Exercise: Please transcribe the listing below in full and word for word, without its pictures.

Data excerpt:
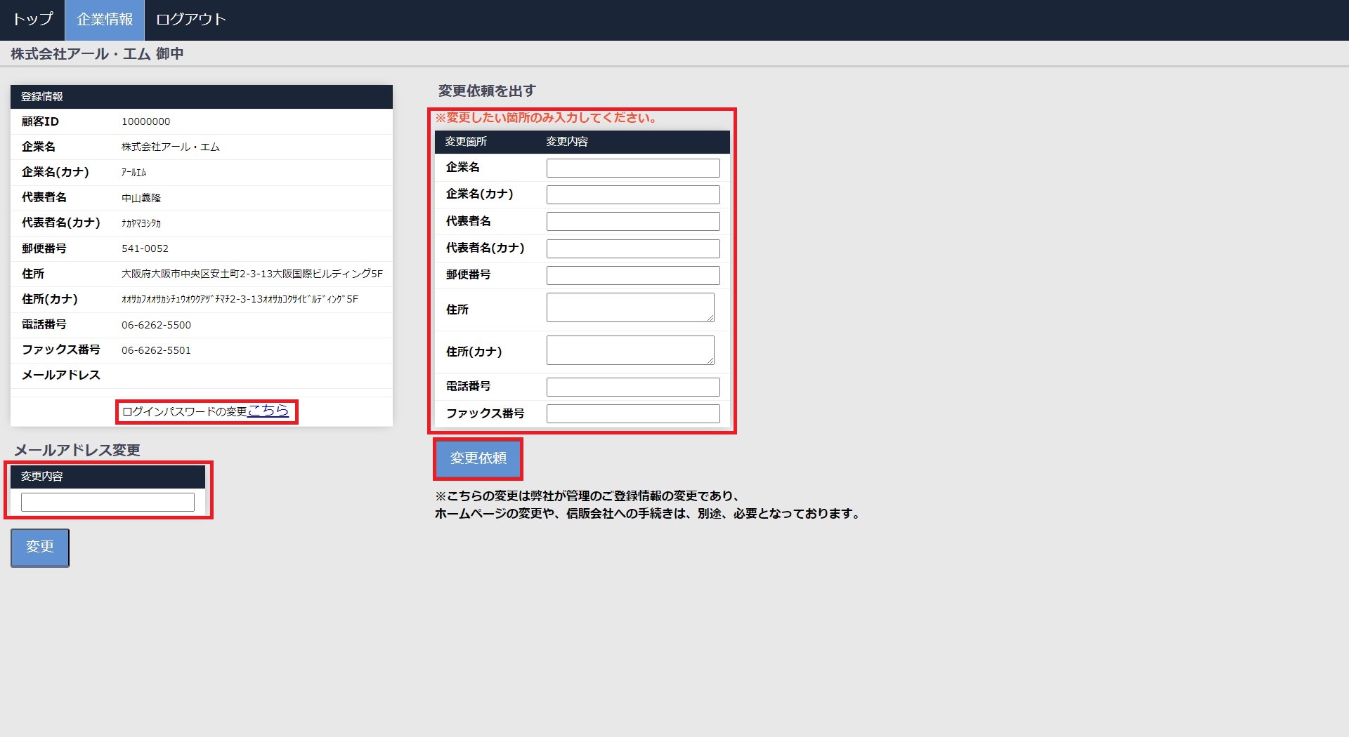 ご契約時にいただいたお客様の企業情報をご確認いただく事が可能です。
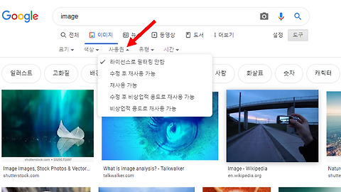 구글 이미지 검색에서 라이센스 필터링하기 1)구글 이미지 검색에서 설정을 클릭하고 고급검색으로 이동한다. 2)여기에서 이미지 검색의 기준을 설정할수있다. 3)하단에 위치한 사용권한에서 라이센스 필터링을 선택할수있다. 4)또는 이미지 검색에서 도구를 클릭하고 5)이미지 탭 하단의 사용권에서 라이센스 필터링을 선택할수있다. https://support.google.com/websearch/answer/29508?hl=ko
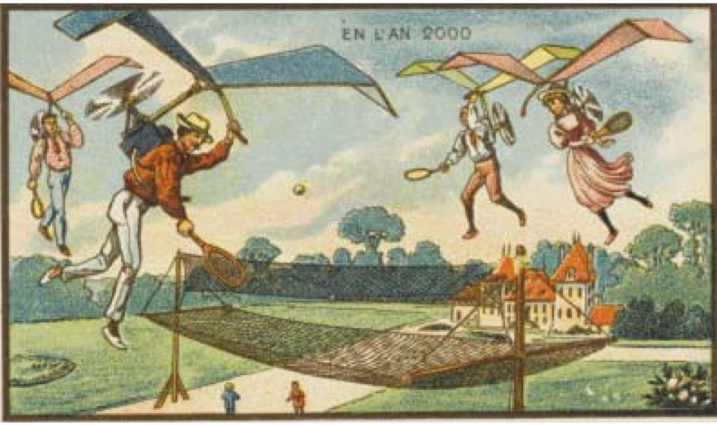 No começo do século passado, artistas plásticos foram convidados a retratar com seria o ano 2000, e as imagens criadas foram incríveis, o criador da ideia foi o artista francês Jean-Marc Cote e algumas outras em 1899, 1900, 1901 e 1910, em uma questão de imaginar como seria a vida no ano 2000. Todas as obras eram originalmente na forma de cartões postais ou cartões de papel colocados em caixas de cigarros e charutos.

Completed exercise:
 ご契約時にいただいたお客様の企業情報をご確認いただく事が可能です。
 구글 이미지 검색에서 라이센스 필터링하기 1)구글 이미지 검색에서 설정을 클릭하고 고급검색으로 이동한다. 2)여기에서 이미지 검색의 기준을 설정할수있다. 3)하단에 위치한 사용권한에서 라이센스 필터링을 선택할수있다. 4)또는 이미지 검색에서 도구를 클릭하고 5)이미지 탭 하단의 사용권에서 라이센스 필터링을 선택할수있다. https://support.google.com/websearch/answer/29508?hl=ko
 No começo do século passado, artistas plásticos foram convidados a retratar com seria o ano 2000, e as imagens criadas foram incríveis, o criador da ideia foi o artista francês Jean-Marc Cote e algumas outras em 1899, 1900, 1901 e 1910, em uma questão de imaginar como seria a vida no ano 2000. Todas as obras eram originalmente na forma de cartões postais ou cartões de papel colocados em caixas de cigarros e charutos.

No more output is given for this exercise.